私は今後の文筆活動の一つの柱として映画鑑賞記を考えているのだが、映画鑑賞は、通常一本二時間ほどかかる。そしてその鑑賞の間はある程度は集中して観ていないと、内容に踏み込んだ文章は書けない。そもそも二時間も画面を見続けているのも疲れる。時間だけはたくさんあった学生時代には、映画を定期的に観るという習慣がなかったこともあり、論じるほどのストックもない。

 

というわけで、なかなか鑑賞も、鑑賞記も進まないのだが、今後の限られた人生の中で、駄作に当たって拘束される時間ほど馬鹿らしいものはない。仮に駄作だと断じて、悪口を書きまくるにしても、ではお前は秀作だと思う作品は何で、どんなところが優れているんだ!?と詰めよられたら返す言葉もない。大坂なおみがスマッシュを決めて「Come on!!」と叫ぶのと同じくらいの快感を突っ込んできたやつに味わすことになってしまう。

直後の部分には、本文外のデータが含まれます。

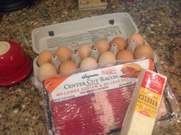 Recoger sus rellenos. Obviamente se necesita huevos, pero el resto depende de lo que quieras. Hemos usado tocino, salchicha, queso cheddar, queso americano, jamón y ahumados de Turquía. Encontré estos huevos de hermosa finca en el día de la apertura de nuestro mercado de granja local ayer. Hoy fue un día de panceta, huevo y queso!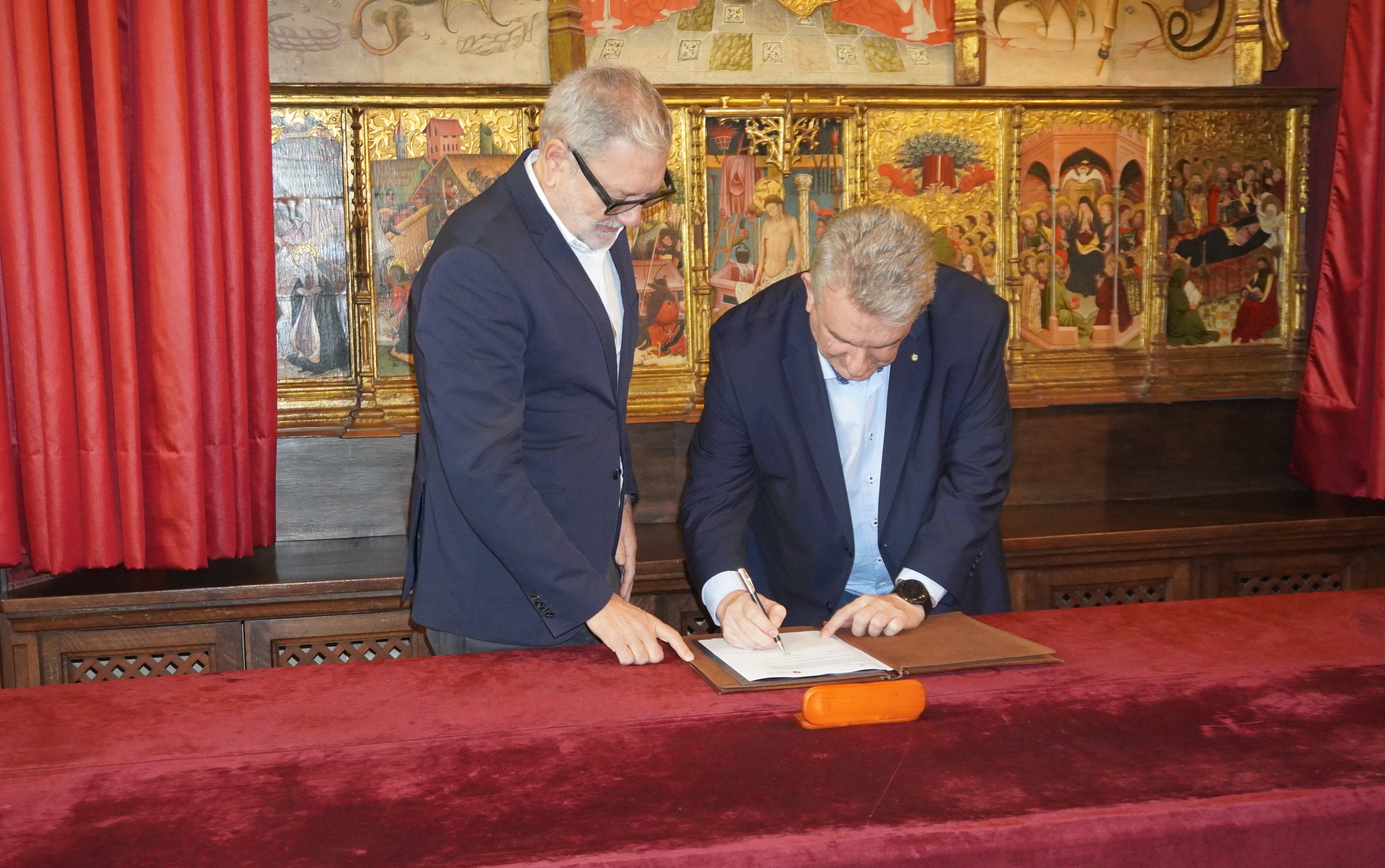 L’acte s’ha fet al Saló del Retaule, amb els representants dels grups polítics amb representació a la Paeria.

というわけで、他人の書いた映画評を参考に、古今の名作を見るべくチョイスと鑑賞を繰り返している。柳下氏はこの本で初めて知った方だが、町山氏の方は、アメリカに関する書物を何冊か読んでおり、その流れで、何冊か映画評も読んでいたので、大体の「人となり」は理解したつもりでおり、どちらかといえば町山氏の意見を参考にしようと「積ん読」しておいたのが標題の書。

 

自ら「漫才」と謳っているだけあって、意識してギャグを盛り込んでいたりするが、そっちの方はあまり面白くない。ただし、作品の貶し方については大いに参考になった。結局私も最初から貶す気満々なんだよな(笑)。

 

読んでいて感じたこと。「観たことのない作品ばっかり」。漫才のネタとなっているのは1990年台の後半から、2010年くらいまでの作品なのだが、まあ、見事に観たことのない作品ばっかり。賞を取ったり、ヒットしたりした作品も少なからず含まれているのにも関わらず、よくこんな状態で映画鑑賞記を文筆活動の柱にしようなんて言えたもんだ、って自分でツッコミ入れたくらい。比較の対象として引き合いに出された作品なんてなおのこと。まあ、映画を文章の題材にしようと考えて、それなりに気合を入れて観出したのは2010年代に入ってからなので、その前にあたる年代の作品は観てなくて当然ではあるが…。いわゆる古典の名作も然り、『ダーティー・ハリー』シリーズを観たのが2010年代の後半なのだから、私の「映画初心者ぶり」がわかっていただけようというもの。じゃ、最初から色眼鏡かけずに素直に観たらいいじゃん、ってのはド正論なのだが、そこは見栄を張りたいところ。ついつい知ったかぶりしちゃうんだよ。良くないって自分でもわかっちゃいるんだけどね。

 

そんなわけで、実際に観る絶対数を増やさなきゃ、鑑賞記もヘッタクレもないわ!ということだけは自覚した。

にしても、つい最近『ウエスト・サイド・ストーリー』がスピルバーグによってリメイクされたそうだが、映画業界のネタ不足は深刻だ。新作とは言っても例えば『アベンジャーズ』なんかは、結局ヒーロー大集合の顔見世興行だし、日本の『マッハGOGO』やら『シティーハンター』やらを実写化してみたりとか、もっと大所高所に立ったネタはねーのかよ?オリジナル超えたリメイクってのもあんまり聞かねーぞ!って言いたくなる。『ウエスト〜』に関してはオリジナルもリメイクも観たことがないので(まただ)鑑賞記の書きようがないんだけど…。

 

映画が衰退して、「物語」の主戦場がゲームに移るわけだ。映画の描き出す世界に魅力がないから客が呼べない→儲からない→製作費が削られる(製作費の多寡で作品の質が決まるわけではないが。さらにいうと、出演者のギャラばかりが高騰している)→作品の質が下がる→客が来ない、という悪循環に入ってから久しい。ゲームのキャラを主人公にした映画なんぞが作られて、それなりにヒットまでしてしまう始末。あーあ、お先真っ暗。

とはいえ、まだまだ映画というコンテンツには、他を圧倒するだけのスケールと魅力があるはずだ(と信じたい)。ネタだって探せば必ずあるはずだ。小説より奇なる事実はそこいらにたくさん転がっているはずなのだから。それを拾ってくる才能に恵まれた人物たちはみんなゲーム制作の方に行っちゃうんだろうな。理系の秀才たちが軒並み金融工学みたいなものに進んじまったように。要するに手っ取り早く稼げる方に行っちまうわけだ。監督やったって、制作スタッフやったって労多くして儲からないってわかってんなら、誰もなり手なんかないわね。

 

今のところ、映画業界へは上記の通りの表面的なツッコミしかできない状態だが、もっともっと映画を観て、「ちゃんとした」映画評が書けるようにはしていきたい。精進あるのみ。変に真面目な締めになっちまった。三平と同じでウケないパターンだな。